- Work order
Here is a listing, set out below; repeat its lines from the one with "5.在【圖形學(xué)】中的【FPS】中選擇【120】。" to the last, both included, and leave out the pictures.

[[ Dataset extract, beginning ]]

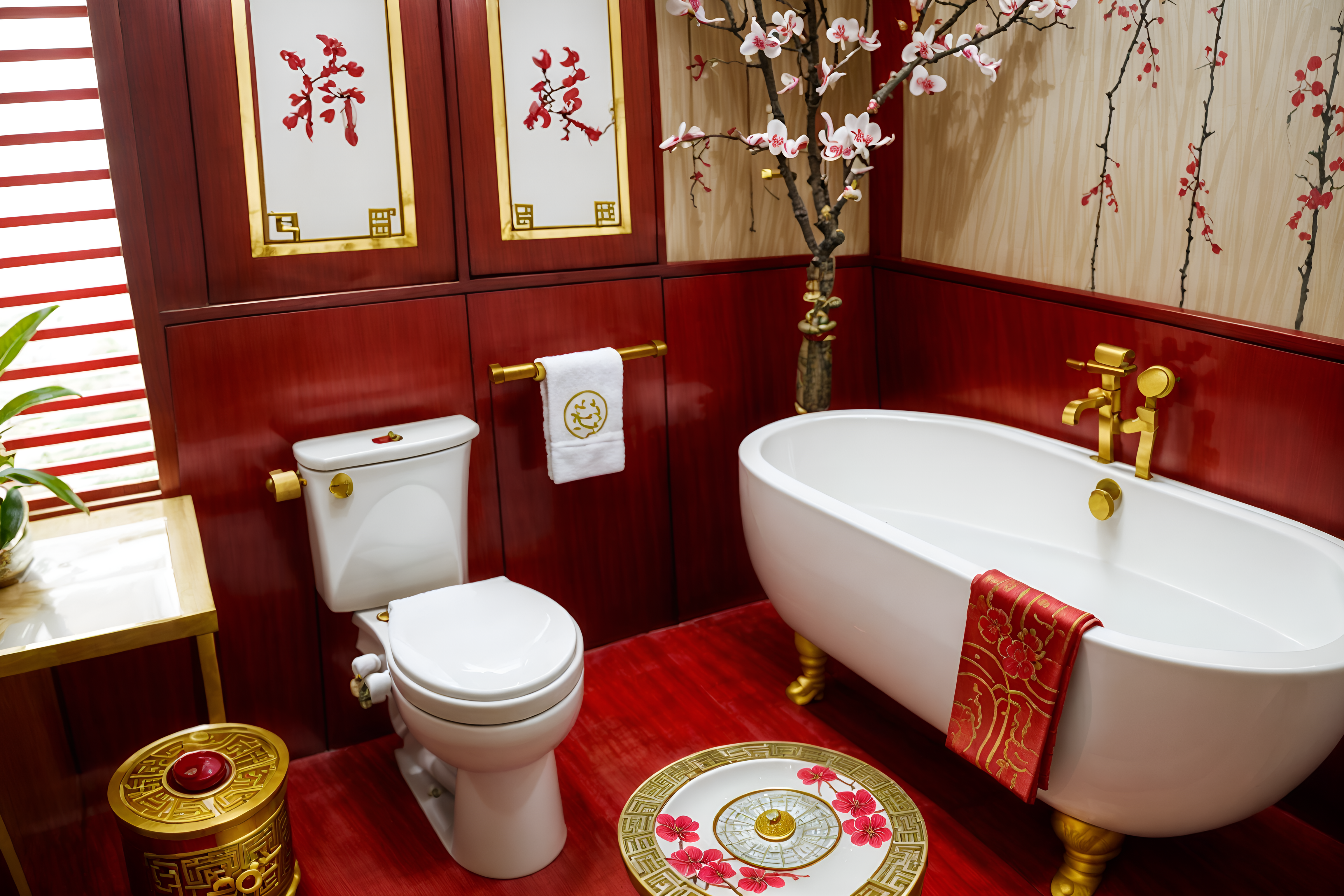 photo from pinterest of chinese new year-style interior designed (bathroom interior) with bathroom sink with faucet and toilet seat and bathtub and bath towel and bath rail and plant and shower and mirror. . with kumquat trees and vases of plum blossoms and orchids and money tree and mei hwa flowers and gold ingots and red fabric & pillows and zodiac calendar and paper cuttings. . cinematic photo, highly detailed, cinematic lighting, ultra-detailed, ultrarealistic, photorealism, 8k. trending on pinterest. chinese new year interior design style. masterpiece, cinematic light, ultrarealistic+, photorealistic+, 8k, raw photo, realistic, sharp focus on eyes, (symmetrical eyes), (intact eyes), hyperrealistic, highest quality, best quality, , highly detailed, masterpiece, best quality, extremely detailed 8k wallpaper, masterpiece, best quality, ultra-detailed, best shadow, detailed background, detailed face, detailed eyes, high contrast, best illumination, detailed face, dulux, caustic, dynamic angle, detailed glow. dramatic lighting. highly detailed, insanely detailed hair, symmetrical, intricate details, professionally retouched, 8k high definition. strong bokeh. award winning photo.
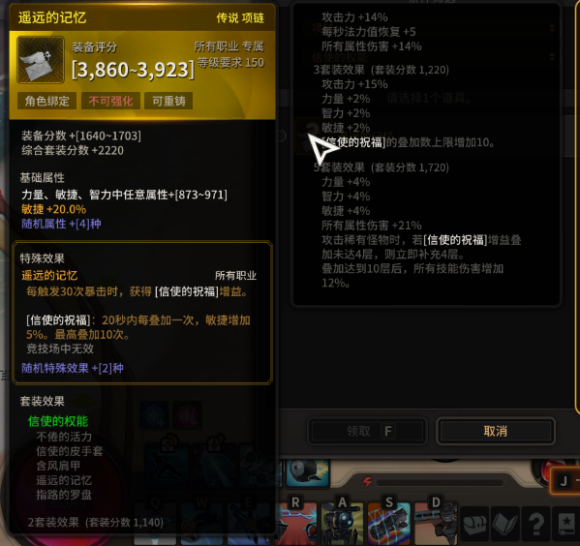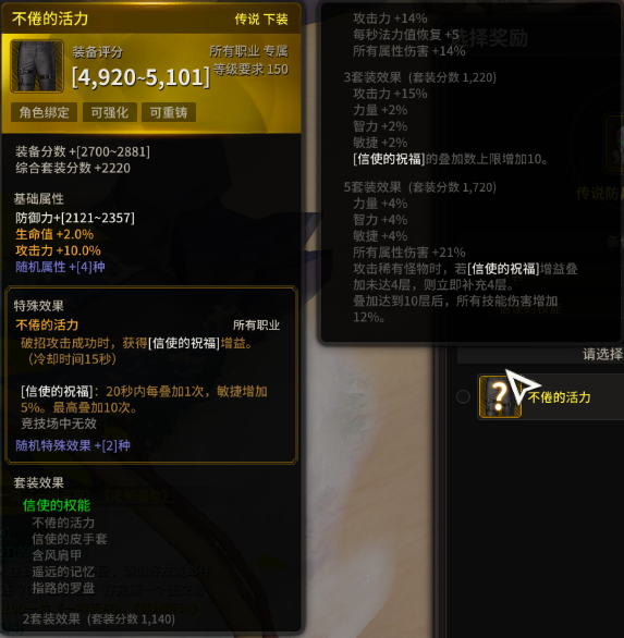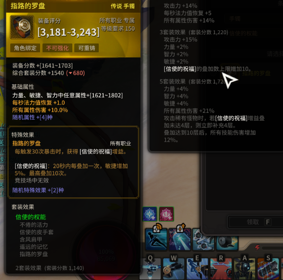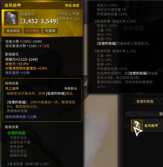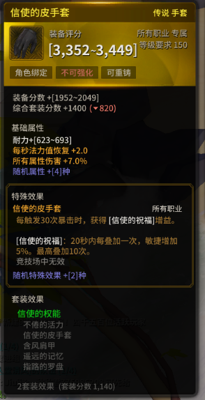 信使的权能套装有5个部位,不倦的活力、信使的皮手套、含风肩甲、遥远的记忆和指路的罗盘。
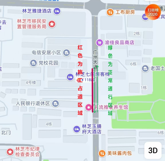 因林芝市巴宜区老旧小区改造项目施工需要,同时保障过往行人、车辆通行安全,现决定对广州大道段(人民银行小区)门口路面实施单边半封闭交通管制,现将有关施工安排公告如下:
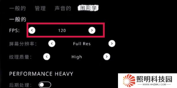 5.在【圖形學(xué)】中的【FPS】中選擇【120】。
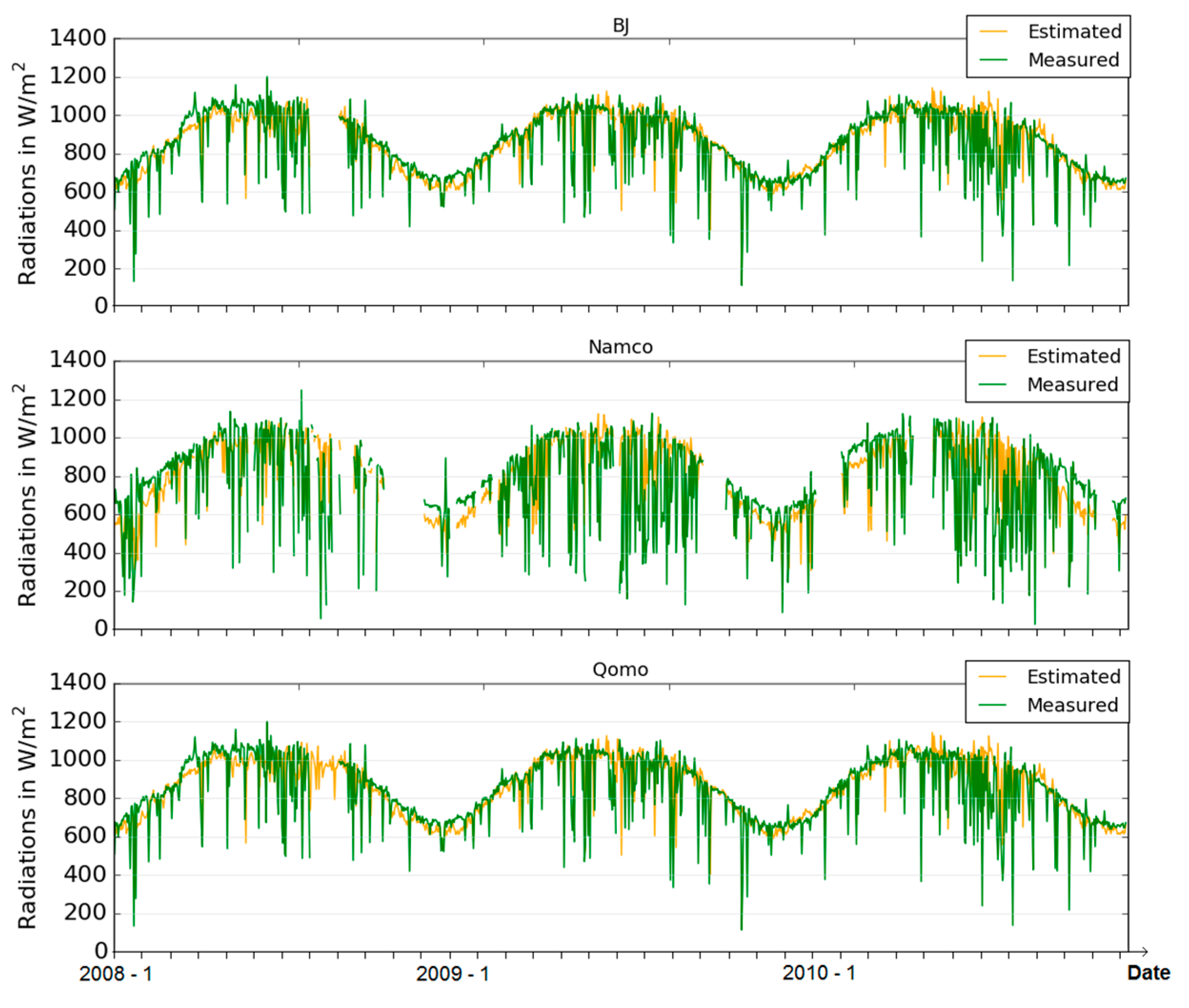 Time series of estimated (yellow) and measured (green) instantaneous solar incident radiations for each of the pixel used for the comparison with the ground stations of BJ, NamCo, and Qomolangma (Qomo).
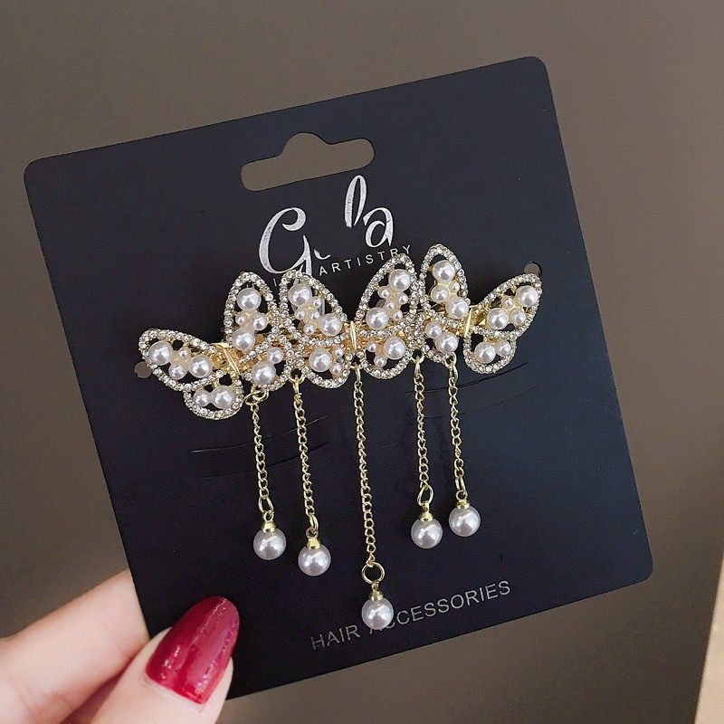 📚 新款复古高级感花朵发夹子百搭气质一字夹蝴蝶流苏顶夹半扎发卡子
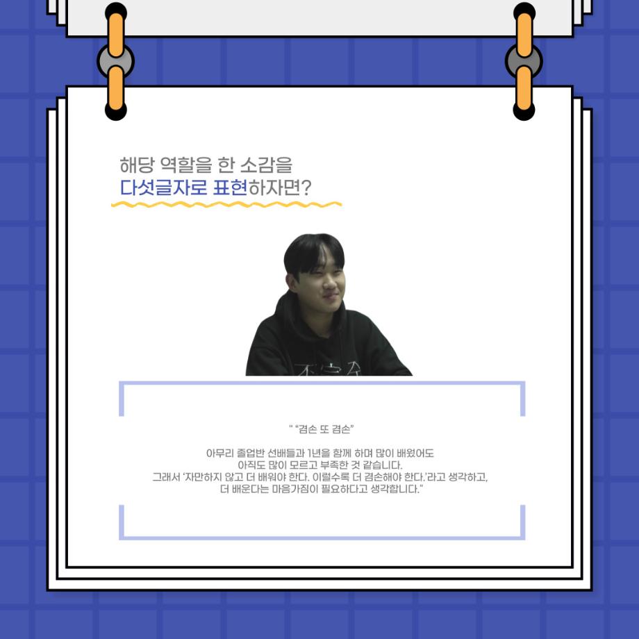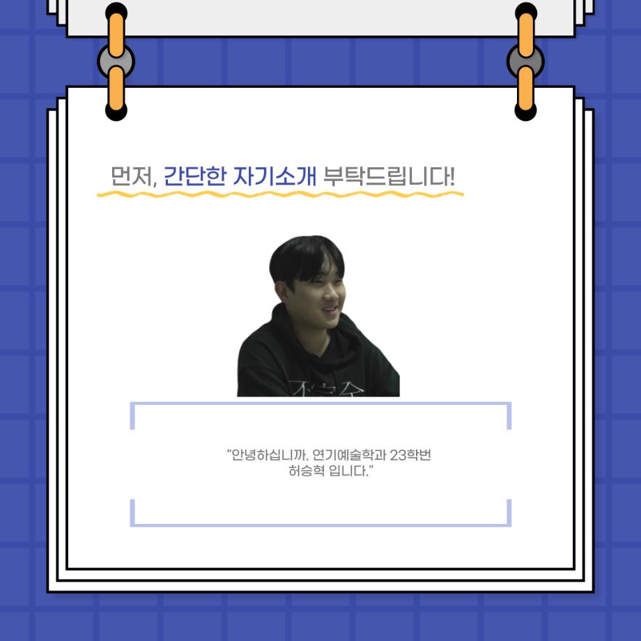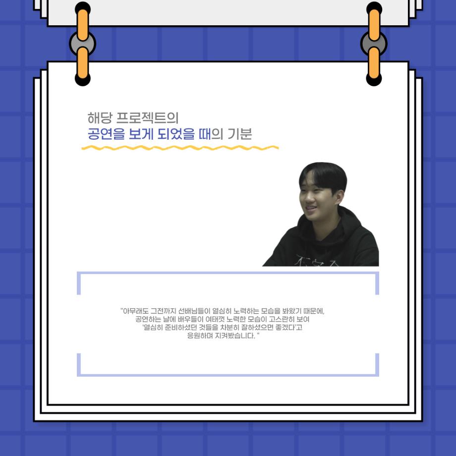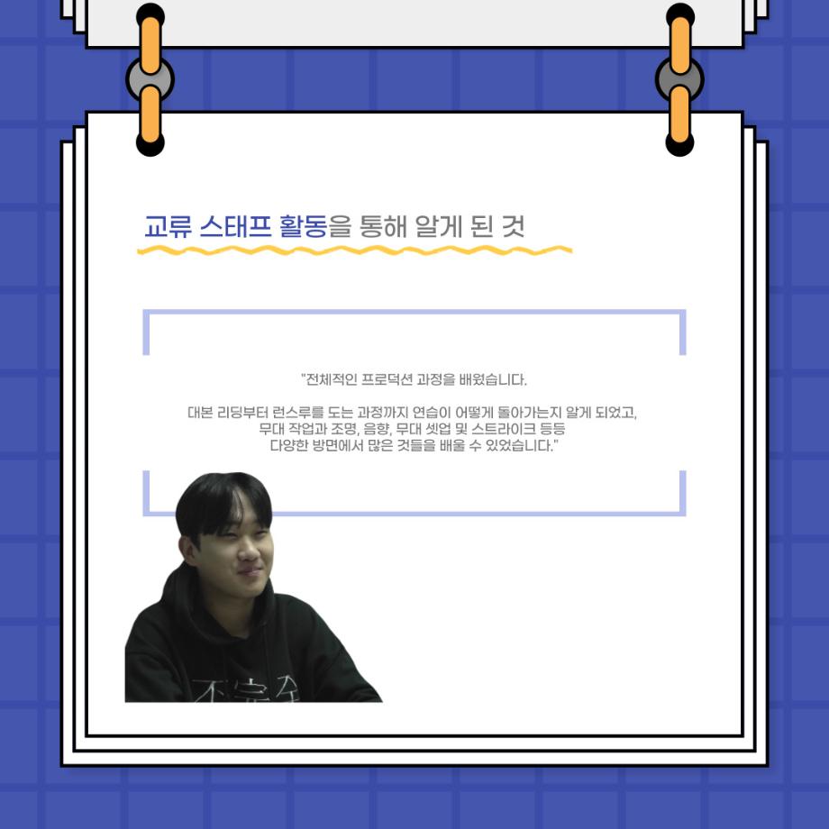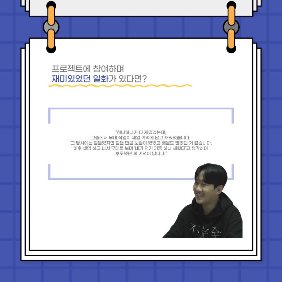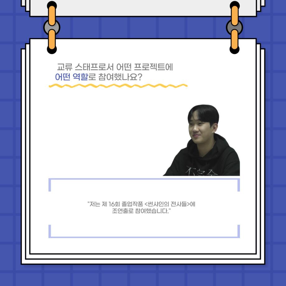 본문 시작 홈으로 커뮤니티 학과소개 입학정보 교수소개 학과과정 커뮤니티 공연예매 안내 홈페이지가이드 포토갤러리 공지사항 포토갤러리 작품DB 동아리 학사일정 학생회 포토갤러리 페이스북 트위터 프린트 사이와의 인터뷰 - 23년도 졸업작품 - 교류스탭 조연출 ‘허승혁’ 연기예술학과 3067 2024-02-12 안녕하십니까. 23년도 학회 ‘사이’입니다. 학회 ‘사이’의 스물세 번째 인터뷰로 연기예술학과 23년도 졸업작품 <썬샤인의 전사들>에서 교류 스탭으로 참여한 허승혁 학생과 인터뷰하는 시간을 가졌습니다. 이번 인터뷰에서는 졸업작품 <썬샤인의 전사들> 교류 스탭으로 참여하면서 알게 된 것, 재미있었던 일화, 공연 봤을 때의 기분 등에 대해 인터뷰하였습니다. 다음 인터뷰 컨텐츠 ‘사인’도 많은 사랑 부탁드립니다. 목록 이전2024학년도 세명대학교 합격자 등록 안내 다음 사이와의 인터뷰 - 23년도 졸업작품 - 교류스탭 분장팀장 ‘송현아’ 담당부서 : 연기예술학과 담당자 : - 연락처 : 043-649-1733 최종수정일 : 2024-10-26 만족도조사 만족도 조사 이 페이지에서 제공하는 정보에 대하여 만족하시나요? 매우만족 만족 보통 불만족 매우불만족

[[ Dataset extract, end ]]

- Task result
 5.在【圖形學(xué)】中的【FPS】中選擇【120】。
 Time series of estimated (yellow) and measured (green) instantaneous solar incident radiations for each of the pixel used for the comparison with the ground stations of BJ, NamCo, and Qomolangma (Qomo).
 📚 新款复古高级感花朵发夹子百搭气质一字夹蝴蝶流苏顶夹半扎发卡子
 본문 시작 홈으로 커뮤니티 학과소개 입학정보 교수소개 학과과정 커뮤니티 공연예매 안내 홈페이지가이드 포토갤러리 공지사항 포토갤러리 작품DB 동아리 학사일정 학생회 포토갤러리 페이스북 트위터 프린트 사이와의 인터뷰 - 23년도 졸업작품 - 교류스탭 조연출 ‘허승혁’ 연기예술학과 3067 2024-02-12 안녕하십니까. 23년도 학회 ‘사이’입니다. 학회 ‘사이’의 스물세 번째 인터뷰로 연기예술학과 23년도 졸업작품 <썬샤인의 전사들>에서 교류 스탭으로 참여한 허승혁 학생과 인터뷰하는 시간을 가졌습니다. 이번 인터뷰에서는 졸업작품 <썬샤인의 전사들> 교류 스탭으로 참여하면서 알게 된 것, 재미있었던 일화, 공연 봤을 때의 기분 등에 대해 인터뷰하였습니다. 다음 인터뷰 컨텐츠 ‘사인’도 많은 사랑 부탁드립니다. 목록 이전2024학년도 세명대학교 합격자 등록 안내 다음 사이와의 인터뷰 - 23년도 졸업작품 - 교류스탭 분장팀장 ‘송현아’ 담당부서 : 연기예술학과 담당자 : - 연락처 : 043-649-1733 최종수정일 : 2024-10-26 만족도조사 만족도 조사 이 페이지에서 제공하는 정보에 대하여 만족하시나요? 매우만족 만족 보통 불만족 매우불만족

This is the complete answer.